**Action item:**
What must be written out is each line from the one holding "Tėvai sukūrė nuostabias" through the end of the records, word for word, minus any pictures.
----------------------------------------
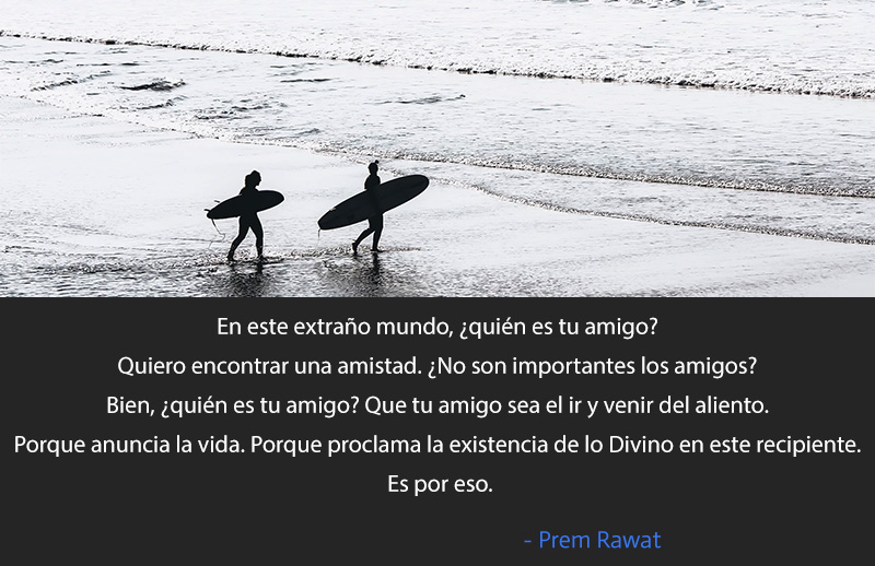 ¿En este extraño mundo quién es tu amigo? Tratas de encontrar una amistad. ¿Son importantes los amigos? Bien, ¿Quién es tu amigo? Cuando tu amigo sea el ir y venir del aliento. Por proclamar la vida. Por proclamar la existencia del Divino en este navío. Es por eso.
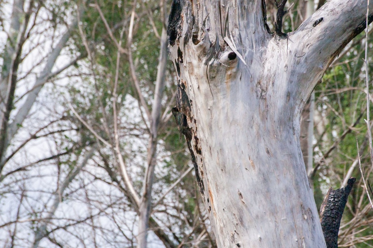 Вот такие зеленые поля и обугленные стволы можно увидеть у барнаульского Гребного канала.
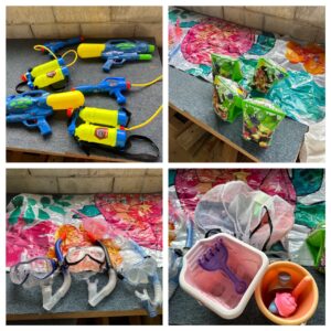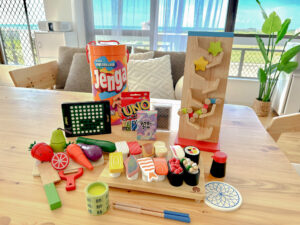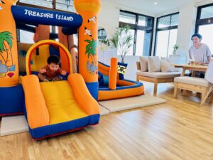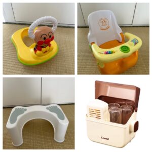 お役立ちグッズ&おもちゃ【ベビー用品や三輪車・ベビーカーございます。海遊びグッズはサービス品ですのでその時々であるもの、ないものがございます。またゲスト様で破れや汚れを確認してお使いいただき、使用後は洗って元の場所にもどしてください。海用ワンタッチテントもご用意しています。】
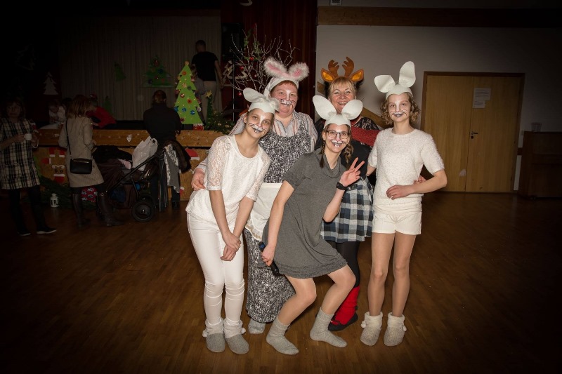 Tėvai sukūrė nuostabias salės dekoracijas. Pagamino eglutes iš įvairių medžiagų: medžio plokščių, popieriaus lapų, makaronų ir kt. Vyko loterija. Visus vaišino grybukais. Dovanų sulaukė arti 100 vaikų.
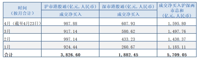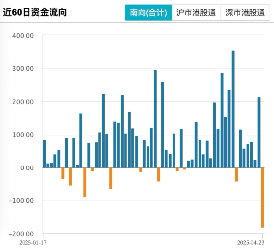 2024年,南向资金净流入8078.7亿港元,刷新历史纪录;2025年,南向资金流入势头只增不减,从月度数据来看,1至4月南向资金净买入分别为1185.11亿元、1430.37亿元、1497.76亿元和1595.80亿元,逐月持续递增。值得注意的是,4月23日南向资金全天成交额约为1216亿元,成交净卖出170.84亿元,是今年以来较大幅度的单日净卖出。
----------------------------------------
**Result:**
 Tėvai sukūrė nuostabias salės dekoracijas. Pagamino eglutes iš įvairių medžiagų: medžio plokščių, popieriaus lapų, makaronų ir kt. Vyko loterija. Visus vaišino grybukais. Dovanų sulaukė arti 100 vaikų.
 2024年,南向资金净流入8078.7亿港元,刷新历史纪录;2025年,南向资金流入势头只增不减,从月度数据来看,1至4月南向资金净买入分别为1185.11亿元、1430.37亿元、1497.76亿元和1595.80亿元,逐月持续递增。值得注意的是,4月23日南向资金全天成交额约为1216亿元,成交净卖出170.84亿元,是今年以来较大幅度的单日净卖出。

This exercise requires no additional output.